EXERCISE BRIEF:
I'd like the full listing transcribed exactly, with no images included.

INFORMATION SUPPLIED:
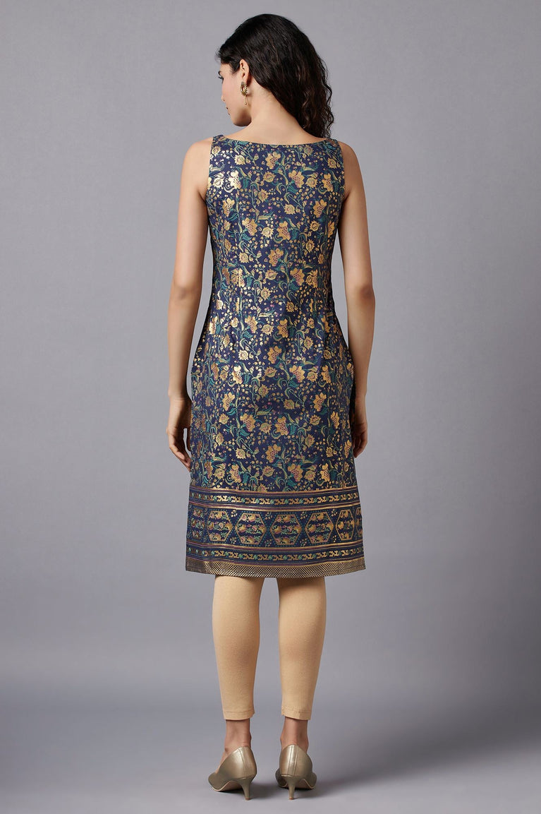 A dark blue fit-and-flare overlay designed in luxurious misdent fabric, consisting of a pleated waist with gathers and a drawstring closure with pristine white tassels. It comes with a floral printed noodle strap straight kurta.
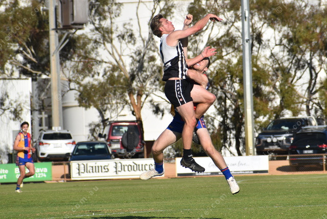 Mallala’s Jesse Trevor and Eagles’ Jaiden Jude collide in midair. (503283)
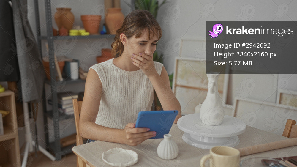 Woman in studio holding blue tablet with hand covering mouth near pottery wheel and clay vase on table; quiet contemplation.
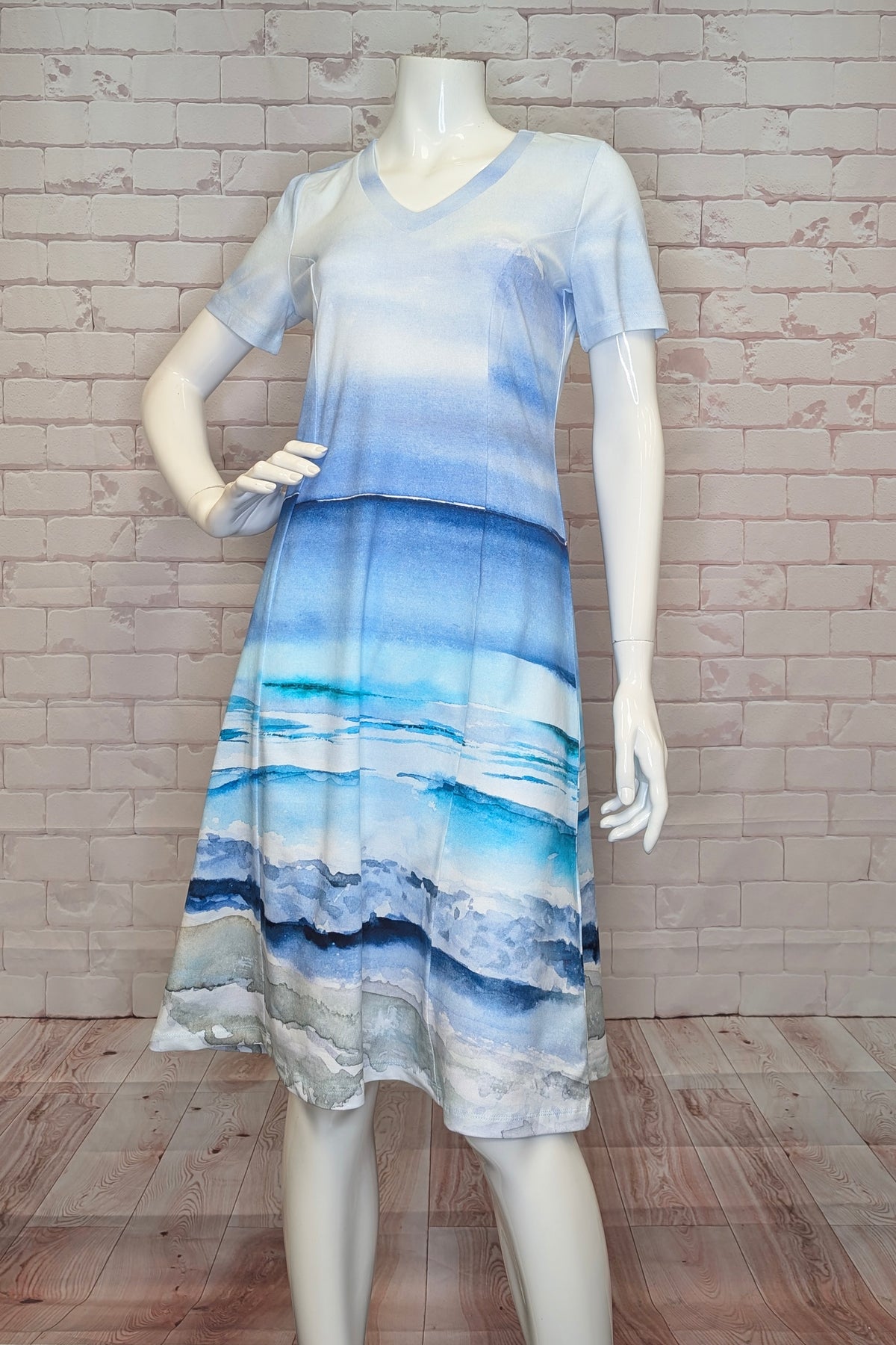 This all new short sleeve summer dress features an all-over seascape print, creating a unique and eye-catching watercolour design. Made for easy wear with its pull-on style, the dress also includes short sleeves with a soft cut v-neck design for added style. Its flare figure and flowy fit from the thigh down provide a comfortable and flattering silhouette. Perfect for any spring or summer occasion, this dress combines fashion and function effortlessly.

EXPECTED OUTPUT:
 A dark blue fit-and-flare overlay designed in luxurious misdent fabric, consisting of a pleated waist with gathers and a drawstring closure with pristine white tassels. It comes with a floral printed noodle strap straight kurta.
 Mallala’s Jesse Trevor and Eagles’ Jaiden Jude collide in midair. (503283)
 Woman in studio holding blue tablet with hand covering mouth near pottery wheel and clay vase on table; quiet contemplation.
 This all new short sleeve summer dress features an all-over seascape print, creating a unique and eye-catching watercolour design. Made for easy wear with its pull-on style, the dress also includes short sleeves with a soft cut v-neck design for added style. Its flare figure and flowy fit from the thigh down provide a comfortable and flattering silhouette. Perfect for any spring or summer occasion, this dress combines fashion and function effortlessly.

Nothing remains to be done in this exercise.